“就是孤独终老,最后没人照顾饿死在家里,我也不可能选他做伴侣的。因为——”

“——我还不想谈个恋爱好像养了个孩子一样。”

“……”

“……”

空气瞬间沉默了。

只有果戈里仍然在摇头晃脑。

“什么什么?”

“你们是在说我吗?是在说果戈里吗?”

“……”

桃羽无比惨淡地笑了笑,冲着果戈里努了努嘴。

你看。

“哈哈,”费奥多尔轻笑了一声,最后才为自己的挚友找起补来,“倒是也没必要这么说他。果戈里这家伙,倒也不是真的不会照顾人。”
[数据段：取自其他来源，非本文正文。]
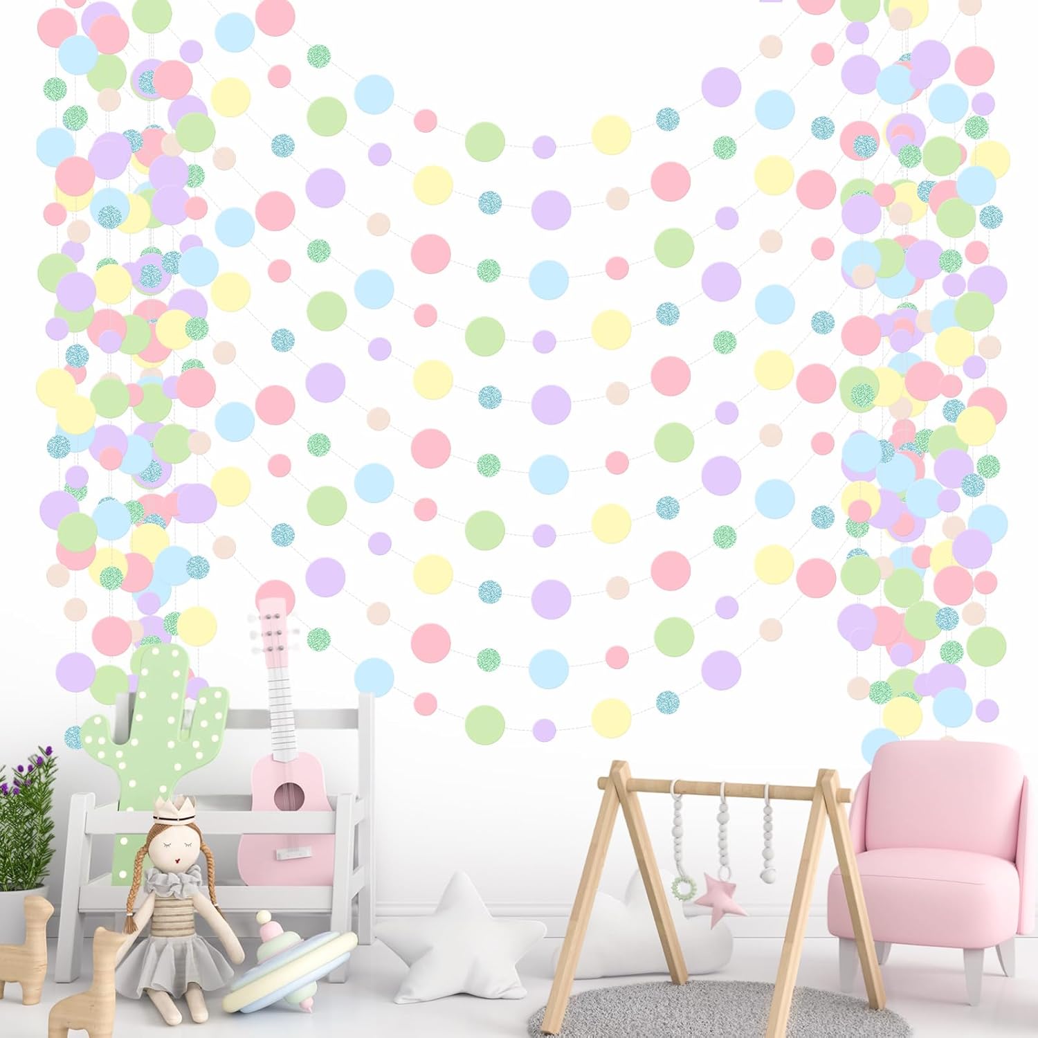 Outus 10 Pieces Colorful Dots Paper Garland Round Glitter Garland Hanging Confetti Streamers Backdrop for Candy Birthday Classroom Halloween Trunk or Treat Car Decoration (Pastel)

“如你所见,我身体不是很好,属于稍微不注意就有可能生病的类型。有一次不小心发烧了,就是果戈里忙前忙后照顾的。”

“诶?这样吗?”小鸟游桃羽棒读。

这莫非就是她所不知道的果戈里吗?

然而没想到,费奥多尔接着就说道:“当然,如果他没有在我发烧到39度的时候把生鸡蛋放在我的额头上,试一试能不能烤熟,如果没有用俄罗斯油煎包来给我降温的话,可能我会感谢他吧。”

“……”

好吧。

果然果戈里还是那个果戈里啊……

“总之,”费奥多尔总结性发言一般说道,“这个家伙是跳脱了一点,但是太出格的事应该不会干,还希望你包容他一点。”